Dr. Stavroula-Georgia G. Mougiakakou is an Associate Professor with a Ph.D. in Electrical and Computer Engineering from the National Technical University of Athens, Greece. Since 2008, she is affiliated with the Faculty of Medicine at the University of Bern, where she leads the AI in Health and Nutrition Laboratory at the ARTORG Center for Biomedical Engineering Research, Bern, Switzerland. Her research focuses on the design, development and validation of artificial intelligence and machine learning approaches for the analysis of multimodal data, and their applications in the prevention, personalized diagnosis, prognosis, and treatment of acute and chronic diseases, including obesity, diabetes, and lung diseases. In addition, her work focuses on the entire AI-based pipeline for translating food data into nutrient content, including food detection and segmentation, recognition, and volume estimation.

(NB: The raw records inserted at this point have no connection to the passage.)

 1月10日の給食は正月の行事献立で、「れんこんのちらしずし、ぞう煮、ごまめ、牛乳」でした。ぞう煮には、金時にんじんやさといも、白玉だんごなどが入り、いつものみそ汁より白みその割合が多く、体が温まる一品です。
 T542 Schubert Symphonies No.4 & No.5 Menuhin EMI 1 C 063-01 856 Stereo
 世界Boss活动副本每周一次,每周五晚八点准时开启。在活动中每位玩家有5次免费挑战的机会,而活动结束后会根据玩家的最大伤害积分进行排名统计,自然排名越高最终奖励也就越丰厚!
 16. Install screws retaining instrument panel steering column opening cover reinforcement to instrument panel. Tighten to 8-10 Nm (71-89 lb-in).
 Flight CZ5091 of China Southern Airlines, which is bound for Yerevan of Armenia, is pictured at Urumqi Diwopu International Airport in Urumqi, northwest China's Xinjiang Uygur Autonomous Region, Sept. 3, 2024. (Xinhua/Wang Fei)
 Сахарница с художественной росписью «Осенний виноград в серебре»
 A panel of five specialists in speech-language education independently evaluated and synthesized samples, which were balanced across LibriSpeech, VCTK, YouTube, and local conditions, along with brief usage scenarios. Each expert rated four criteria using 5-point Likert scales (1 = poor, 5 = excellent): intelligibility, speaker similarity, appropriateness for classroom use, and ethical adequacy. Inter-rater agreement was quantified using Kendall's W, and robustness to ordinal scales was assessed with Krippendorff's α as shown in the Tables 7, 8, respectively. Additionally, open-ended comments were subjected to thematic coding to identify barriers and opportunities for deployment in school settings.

This approach leverages various smartphone sensors and utilizes extensive food-related databases, from nutrient composition to recipes, alongside the recent advancements in large language models. The research is applied in contexts such as tackling malnutrition in hospitals, dietary monitoring and disease self-management, as well as providing recommendations and evaluating diet compliance, such as adherence to the Mediterranean diet. Stavroula is also a member of the Executive Team of the Center for Artificial Intelligence in Medicine (CAIM) at the University of Bern and serves as Co-Director of the MSc program in AI in Medicine. So far, she has supervised several MS students, 19 PhD students (12 finished, 7 ongoing), and 8 postdocs (2 ongoing). Over the years, she and her research group have successfully participated in numerous competitive national, European, and international research projects, resulting in numerous publications, software, several patents, and technology transfer activities.